The Case Of The Burning Golf Trolley

In these dark days of January, thoughts tend to drift longingly to sunnier climes, and in Olaf’s words “a drink in my hand, Prob'ly getting gorgeously tanned in summer”.  In Scotland, one particular appeal is those long summer evenings when a game of golf after hours becomes a prospect.  So a case about just such a setting grabbed my attention.  And when it also involves a claim under the Consumer Protection Act (CPA), of which they are remarkably few in Scotland, it is likely to be seized upon by product liability practitioners north – and maybe south - of the border.

The case is useful to those involved in advising manufacturers of electrical goods, and on property damage caused by allegedly defective goods.  It involved Renfrew Golf Club against a supplier of golf trolleys called Motocaddy.  A club member left his golf trolley in the locker room overnight.  It caught fire and caused extensive damage to the club house, as well as financial losses for business interruption, lost green fees and loss of bar takings.  All in all, the claim was for a little over half a million pounds.  A sizeable sum in this context.

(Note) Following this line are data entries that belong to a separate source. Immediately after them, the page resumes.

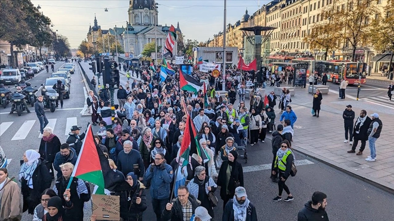 Odenplan bölgesinde toplanan göstericiler, İsveç Parlamentosuna doğru yürüyerek, İsrail'in saldırılarını kınadı.
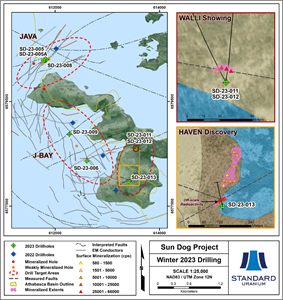 VANCOUVER, British Columbia, April 03, 2023 (GLOBE NEWSWIRE) -- Standard Uranium Ltd. (“Standard Uranium” or the “Company”) (TSX-V: STND) (OTCQB: STTDF) (Frankfurt: FWB:9SU) is pleased to announce that the winter drill program at its 100% owned Sun Dog Project (“Sun Dog” or “the Project”) has been completed and crews demobilized prior to ice road closure April 1st. Sun Dog is located at the northwestern edge of the Athabasca Basin, Saskatchewan, and is south of the first uranium mining camp in Canada, the Beaverlodge District, near Uranium City.
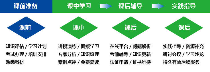• 专业的讲师团队和独立的后续服务团队为学员的认证和实践提供持续服务;
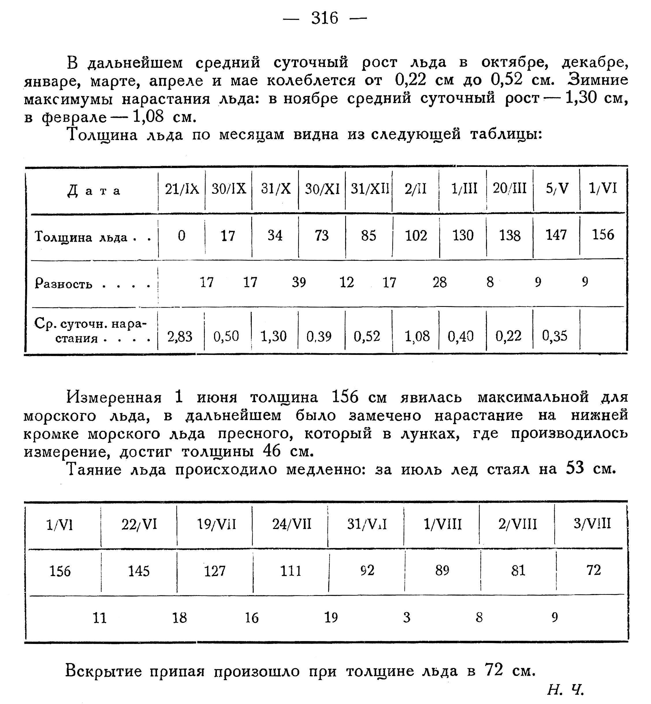 В зимовку 1934/35 гг. на о-ве Уединения наблюдения за ростом льда велись в 100 м от западного берега острова в ровном припае, где лед образовался в сентябре 1934 г. Первое измерение льда 25 сентября дало 2 см, 30 сентября толщина льда равнялась 17 см, т. е. средний суточный рост для конца сентября выражается в 2,83 см — это максимальная величина, характерная для начальной стадии ледообразования.

The golf club must have thought in the circumstances they had some prospect of success.  The trolley was marketed under Motocaddy’s name, although not manufactured by them.  Allegedly it did not comply with the relevant British Standard or the EU Machinery Directive.  The CE mark was applied apparently without any checking of safety by Motorcaddy. 

Despite this, the claim was dismissed.

The claim under the CPA would not succeed as the club house was not “of a description of property ordinarily intended for private use, occupation or consumption” (s.5(3)(a) CPA).  It was used for a material amount of economic and commercial activity (the clubhouse, bar and catering facilities, public hire of the lounge and dining areas and so on).  There were 700 members of the club.

The claimant’s common law claim was also dismissed as no duty of care could be established on the part of Motocaddy.  Motocaddy had not supplied the product to the owner, and had no control over the various events that led to the fire, including its maintenance, use, or storage.  The owner had changed the original battery and had left the trolley in the ‘on’ position.  For the same reasons, it would not be fair, just and reasonable (remember those inimitable words!) to impose a duty of care on Motocaddy.

Perhaps the judge had just had a bad round.  But at least we’ve got a few months to sort out the swing before the golfing calendar gets going.